A despecho de la caída del Muro de Berlín y los acontecimientos que le siguieron en Europa y el resto del mundo, el léxico de la guerra fría domina todavía el debate, insustancial por cierto, en el ámbito latinoamericano. Parecería que lo ocurrido cuando el témpano ideológico que se derritió con la desaparición de la Unión Soviética no ha sido entendido como tampoco las transformaciones capitalistas que han hecho de China la segunda potencia económica.
Los controles constriñen la vida de los ciudadanos en países como Venezuela y Cuba y el dominio de la economía por sus gobiernos las achican provocando brutales escaseces y alzas de precio que hacen allí la vida insufrible. La experiencia china no les ha servido de nada. Cuando Deng reconoció que una teoría lanzada a mediados del siglo XIX no podía tener respuestas a los problemas de la China de finales del siglo XX, el entierro del marxismo permitió a esa gran nación de cientos de millones de habitantes dar el salto cualitativo que Mao intentó sin éxito en medio de un charco de sangre haciendo más pobre a China. Hay más millonarios hoy en el país asiático que en cualquiera del Primer Mundo, incluyendo Estados Unidos.

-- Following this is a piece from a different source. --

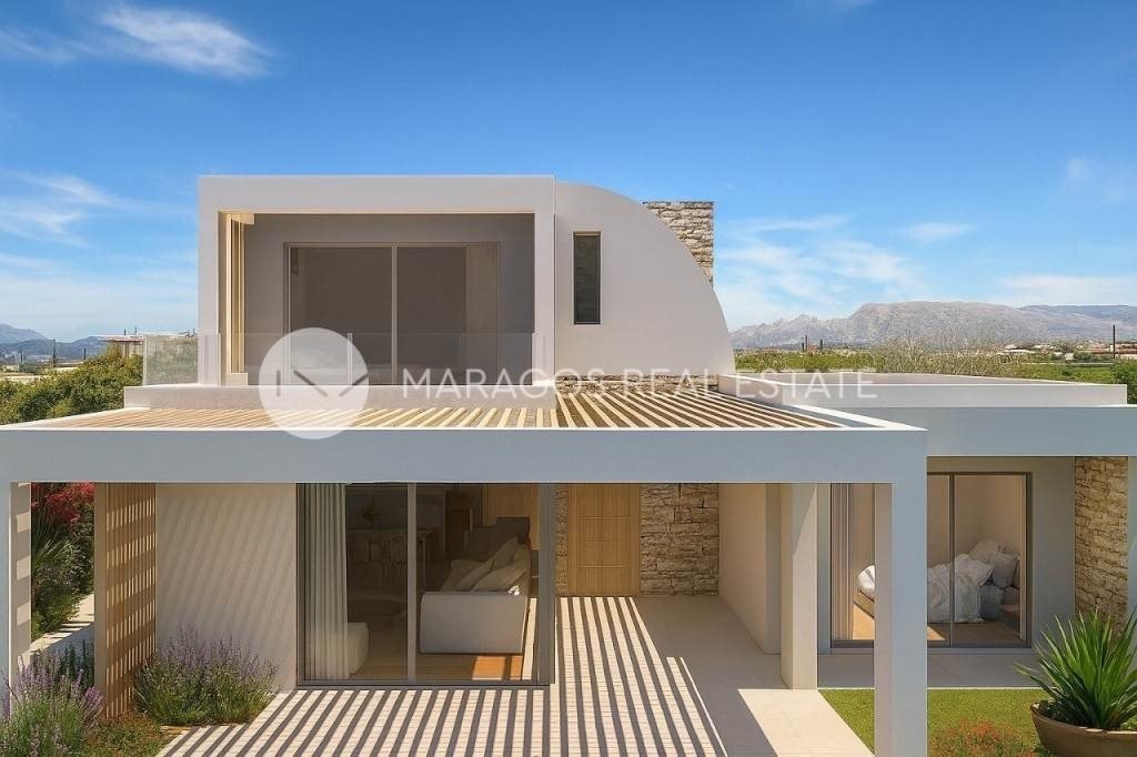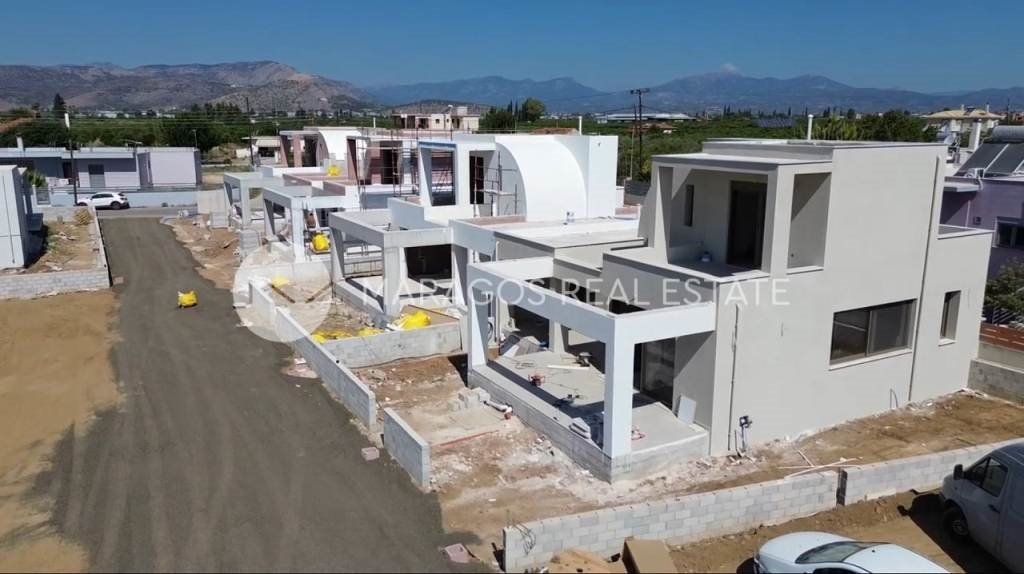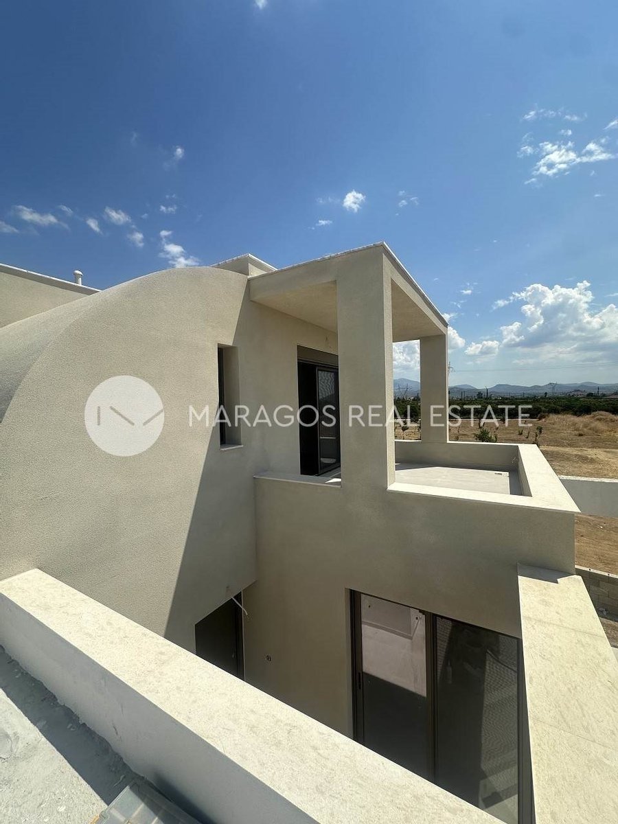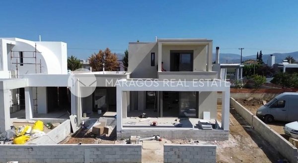 In Argolis, im sich entwickelnden Gebiet von Dalamanara, steht ein hochwertiges Einfamilienhaus mit einer Fläche von 100 m² auf einem Grundstück von etwa 280 m² zum Verkauf. Es wurde mit Schwerpunkt auf Funktionalität, Bauqualität und Komfort entworfen und ist damit eine ideale Wahl für ständige oder Feriennutzung sowie für Investitionen mit Perspektiven zur touristischen Entwicklung. Das Haus erstreckt sich über zwei Ebenen, die über eine Innentreppe verbunden sind. Das Erdgeschoss umfasst ein geräumiges Wohnzimmer - Küche, zwei helle Schlafzimmer und ein Badezimmer, während sich im ersten Stock ein luxuriöses Master-Schlafzimmer mit Privatheit, Aussicht und eigenem WC befindet. Die Innenräume sind durchgehend, straßenseitig und äußerst hell, mit hochwertigen Materialien, wie Fliesenboden, Aluminiumfenstern mit Doppelverglasung und Insektenschutz. Das Haus bietet energetische Autonomie mit einem Fan Coil-Heizungssystem und einem solarbetriebenen Warmwasserbereiter, und verfügt über eine Vorbereitung zur Installation einer Alarmanlage und die Möglichkeit, eine "AI Home Solution" für die intelligente Steuerung der Hausfunktionen zu installieren. Ein wesentlicher Vorteil ist die 40 m² große Terrasse mit ungehindertem Blick sowie der gestaltete Außenbereich, der einen privaten Garten mit Parkplätzen umfasst, während dem Käufer die Möglichkeit zur Konstruktion eines Pools, eines Jacuzzis und eines BBQ angeboten wird. Die Region vereint die Ruhe des Landlebens mit der Nähe zu städtischen Infrastrukturen und touristischen Sehenswürdigkeiten und ist somit eine ideale Wahl sowohl für Familien als auch für Investoren. Dieses Einfamilienhaus ist eines von drei (3) unabhängigen Wohnhäusern, die zum Verkauf in derselben Gegend angeboten werden, jedes mit einem eigenen Grundstück und vollständiger Autonomie.
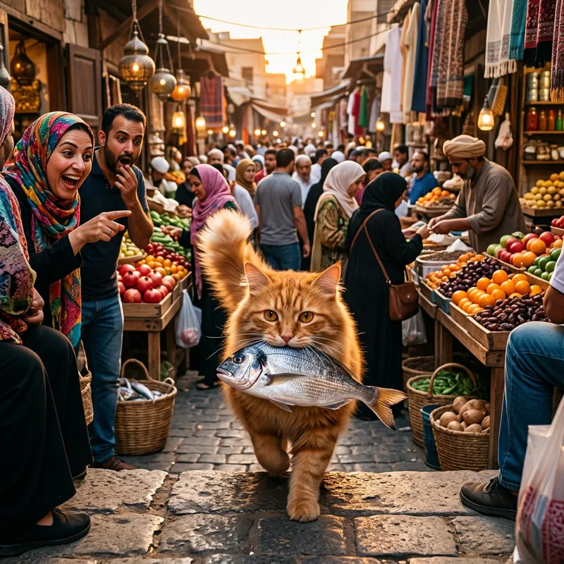 A fluffy ginger cat with shining amber eyes stealthily making its way through a bustling market. The cat, with a whiskered grin, is carrying a large fish in its mouth. Stalls around the market are overflowing with an array of fruits, vegetables, and assorted goods. Shoppers with diverse appearances hint at a multicultural locale. Some are astonished, pointing at the thieving cat, while others remain oblivious, engrossed in their own buying and selling. The atmosphere is enriched by the yellows and oranges of the setting sun highlighting the ginger color of the cat.

La tozudez de los tiranos cubanos les ha impedido a sus ciudadanos alcanzar un nivel de bienestar material aun después de 57 años de revolución, permitiéndosele apenas instalar un ventorrillo o un pequeño salón de belleza en hogares compartidos. La burguesía, todavía dicen, perpetúa la desigualdad, que ellos fomentan, como si se tratara de una clase. Víctor Hugo ya lo decía: “La burguesía no es más que la parte satisfecha del pueblo. El burgués es el hombre que ahora tiene tiempo de sentarse y una silla no es una casta”.
La guerra fría heló a quienes creyeron llegada la oportunidad para cambiar al hombre, consiguiendo hacerlo más pobre y triste. Es la realidad que se vive en el Tercer Mundo. La esperanza que murió con los Castro y los Chávez.